Colchester councillor Paul Smith, head of resources and business, said in the past few years more people have come to live in the borough than Government statistics predicted. There are now 160,000, 5,000 above the estimate, and that figure is continuing to rise. By 2021, the population should have risen to 173,800, and it is currently on target.

“North Essex and Colchester are attractive places to live for many people and I have seen nothing which would stop them moving here,” said Mr Smith.

SIGNED “Yes, I am optimistic for the town, but that doesn’t mean we don’t have things which need putting right.”

Mr Smith believes the Government plan to axe stamp duty (one per cent of the property’s value) for the lower end of the market is “a help”, but it could do more.

“I think the Government are more interested in appealing to home owners as voters than dealing with the UK’s housing problems,” said Mr Smith. “Colchester now has 8,000 households on our council house waiting list, and what we would say to this Government is ‘let us build council houses’.

“We have not built a council house here for nearly 20 years. If we could get on with this, it would be a boost to the town’s economy, because, with so many on the waiting list, there would be work for many associated with the building industry.

“The council has the land, but we are hampered by current legislation from build ing council houses how we would like to build them, and we need council houses. We have to start building them again.”

Mr Smith would also like more details on other sections of this “recovery plan”, including the Government’s mortgage debt scheme where councils or social housing landlords pay off the mortgage debt and, instead, charge rent “at a level they can afford” and the loans plan for first-time buyers. He thinks the latter could work, especially in Colchester and the rest of the South-East where getting on to the housing ladder is more difficult.

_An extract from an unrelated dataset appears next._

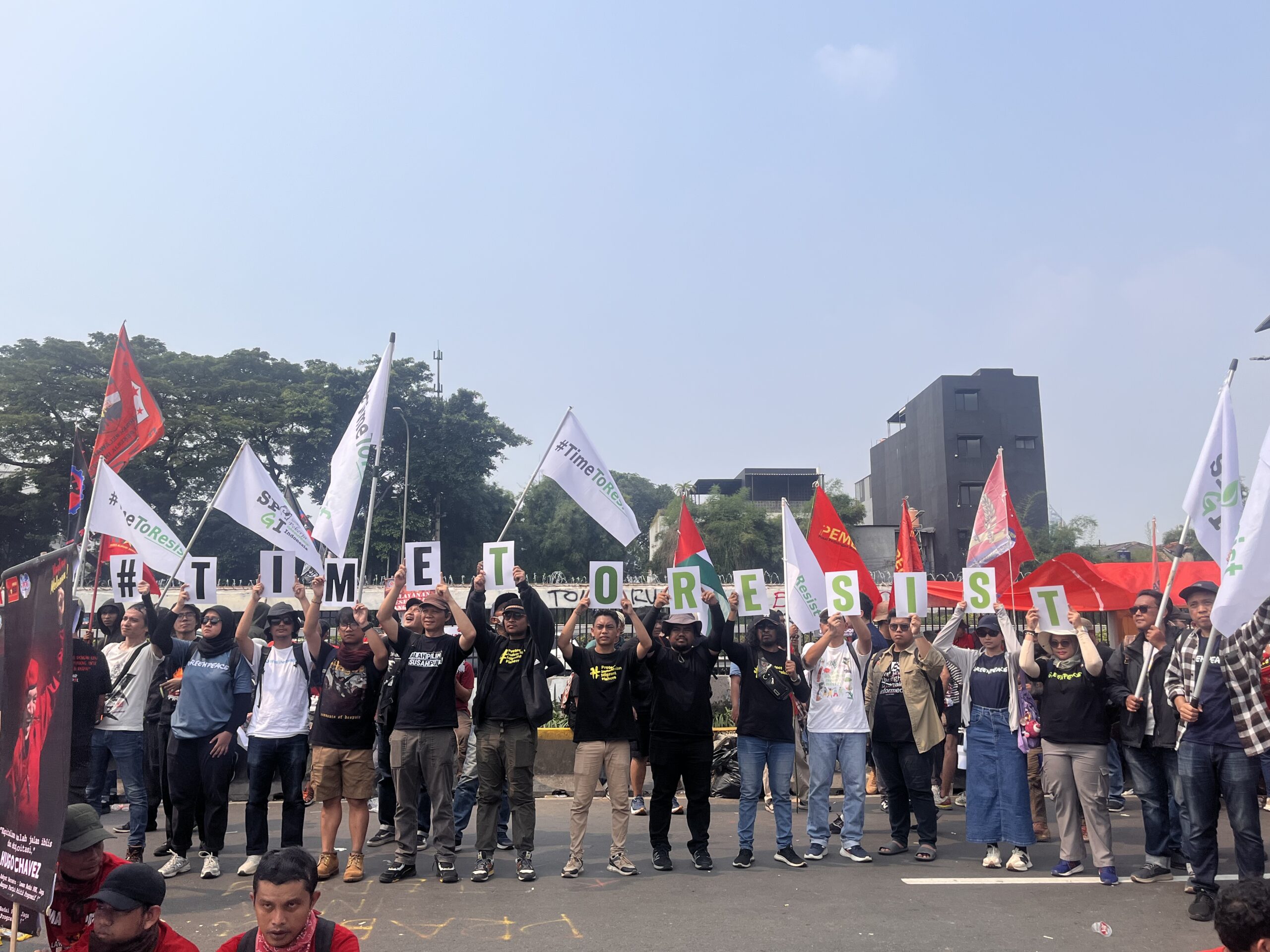 Gerakan Buruh Bersama Rakyat (Gebrak) menggelar aksi demonstrasi memperingati Hari Buruh Internasional atau May Day di Gedung DPR RI pada Rabu (01/05). Demonstrasi yang dihadiri ribuan buruh dan berbagai elemen rakyat ini mempunyai satu tema besar, yakni “Kapitalisme, Oligarki, dan Militerisme Musuh Kelas Pekerja.”

“But it all depends which form the loan takes. If it were interest-free and interest rates rose, that would mean everything would rise, including salaries, which would make the loan a lot easier to repay,” he said.

“But if it were not interest-free or if interest rates remained the same, repayment would be harder.”

Mr Smith believes the future is not as doom-laden as Chancellor Alistair Darling predicted, certainly not in Colchester and north Essex.

“We are pushing ahead with Colchester’s cultural quarter (Queen Street/Vineyard Street/St Botolph’s Street) which is vital to the town’s development,” he revealed.

“We have now signed the contract with the German developer Grebe to build a three-star, 120-bed hotel with shops on the site of the former Keddies store, and a third of those shops will be reserved for local businesses.”

But the pace has slowed in the house-building market. In May, Persimmon Homes decided to put on hold the 117-home development off the town’s Cowdray Avenue until “mortgage market conditions” improve, while other developments are moving at a much slower pace. People cannot or just don’t want to commit to buying. Has Mr Brown’s “recovery plan” installed confidence?

Mr Smith thinks it is a start. “I welcome anything the Government does to help the housing market,” he said, “but it cannot just rest on this. There has got to be more initiatives.”

Meanwhile, Boydens estate agency – which has branches in Colchester, Frinton, Kelvedon, Braintree and Sudbury – is quietly celebrating.

“We have had quite good sales figures for August, particularly in Colchester, and have bucked the trend,” said managing partner David Boyden. “I am quite optimistic about the future, but the cut in stamp duty has not exactly sent me hip-hip hooraying.”

For him, the “leak” that it was a possibility, then the Government denial, was not helpful.

“Many who were considering buying or selling their homes held back,” he said. “They did not want to make a serious commitment and were stalling their final decision until they knew what would be happening with stamp duty.”

But he is not dismissing Mr Brown’s “recovery plan”.

“However small it is, in the bigger picture of all this negativity, it is at least something,” he said.

“Another thing is people are becoming far more realistic about how much their homes are worth.

“This makes it easier if they want to sell. When they buy it will, hopefully, be a property where the owner is similarly realistic, which means no-one is making a financial loss.”